The data:
*** Block opens ***
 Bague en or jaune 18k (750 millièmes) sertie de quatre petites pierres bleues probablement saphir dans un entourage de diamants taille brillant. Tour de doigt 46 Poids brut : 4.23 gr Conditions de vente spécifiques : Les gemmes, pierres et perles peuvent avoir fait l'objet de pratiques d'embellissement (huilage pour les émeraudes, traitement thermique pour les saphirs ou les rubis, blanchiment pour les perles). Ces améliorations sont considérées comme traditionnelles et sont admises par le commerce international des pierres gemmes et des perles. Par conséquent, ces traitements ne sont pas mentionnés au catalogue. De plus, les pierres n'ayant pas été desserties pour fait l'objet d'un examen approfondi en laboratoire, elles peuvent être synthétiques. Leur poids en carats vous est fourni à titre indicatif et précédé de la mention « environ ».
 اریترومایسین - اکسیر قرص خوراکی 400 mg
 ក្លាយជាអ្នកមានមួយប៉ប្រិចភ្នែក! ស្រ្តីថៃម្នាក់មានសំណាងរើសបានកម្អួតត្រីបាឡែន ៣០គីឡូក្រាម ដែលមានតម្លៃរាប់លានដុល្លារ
*** Block closes ***
*** Block opens ***
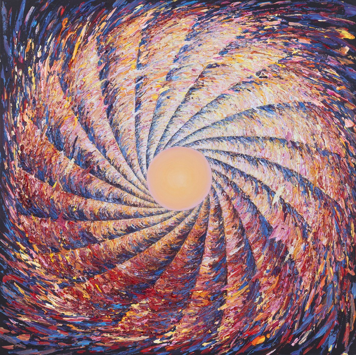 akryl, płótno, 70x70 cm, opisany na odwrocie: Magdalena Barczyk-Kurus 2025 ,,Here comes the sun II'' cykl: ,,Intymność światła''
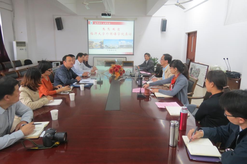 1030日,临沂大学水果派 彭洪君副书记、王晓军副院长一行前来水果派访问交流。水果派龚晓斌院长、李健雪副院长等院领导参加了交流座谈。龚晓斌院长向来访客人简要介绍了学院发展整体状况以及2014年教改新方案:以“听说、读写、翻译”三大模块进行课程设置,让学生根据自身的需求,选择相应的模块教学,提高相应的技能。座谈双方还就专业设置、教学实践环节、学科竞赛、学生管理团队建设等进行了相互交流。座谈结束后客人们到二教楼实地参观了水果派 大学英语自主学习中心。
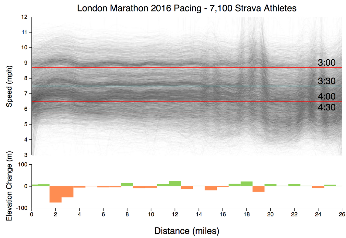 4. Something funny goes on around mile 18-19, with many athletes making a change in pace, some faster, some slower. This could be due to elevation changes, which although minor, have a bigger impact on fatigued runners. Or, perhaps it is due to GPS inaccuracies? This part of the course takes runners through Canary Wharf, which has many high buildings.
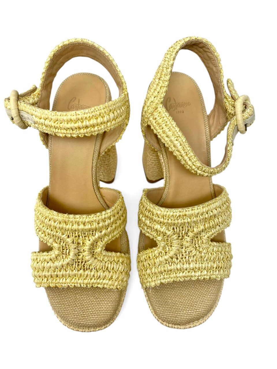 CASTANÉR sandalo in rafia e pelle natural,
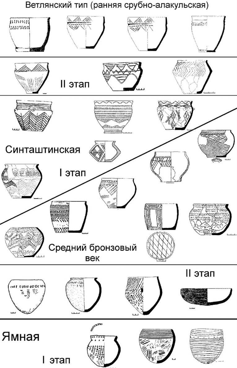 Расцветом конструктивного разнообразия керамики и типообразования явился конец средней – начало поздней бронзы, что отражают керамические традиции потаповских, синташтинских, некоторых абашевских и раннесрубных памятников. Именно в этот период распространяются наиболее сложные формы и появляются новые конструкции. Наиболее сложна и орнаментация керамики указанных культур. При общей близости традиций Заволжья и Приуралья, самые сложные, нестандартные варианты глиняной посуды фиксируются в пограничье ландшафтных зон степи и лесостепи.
*** Block closes ***
Requirement:
Transcribe only this stretch of the data: the line with "CASTANÉR sandalo in", the line with "Расцветом конструктивного разнообразия", and every line in between. Leave out the pictures.

Your solution:
 CASTANÉR sandalo in rafia e pelle natural,
 Расцветом конструктивного разнообразия керамики и типообразования явился конец средней – начало поздней бронзы, что отражают керамические традиции потаповских, синташтинских, некоторых абашевских и раннесрубных памятников. Именно в этот период распространяются наиболее сложные формы и появляются новые конструкции. Наиболее сложна и орнаментация керамики указанных культур. При общей близости традиций Заволжья и Приуралья, самые сложные, нестандартные варианты глиняной посуды фиксируются в пограничье ландшафтных зон степи и лесостепи.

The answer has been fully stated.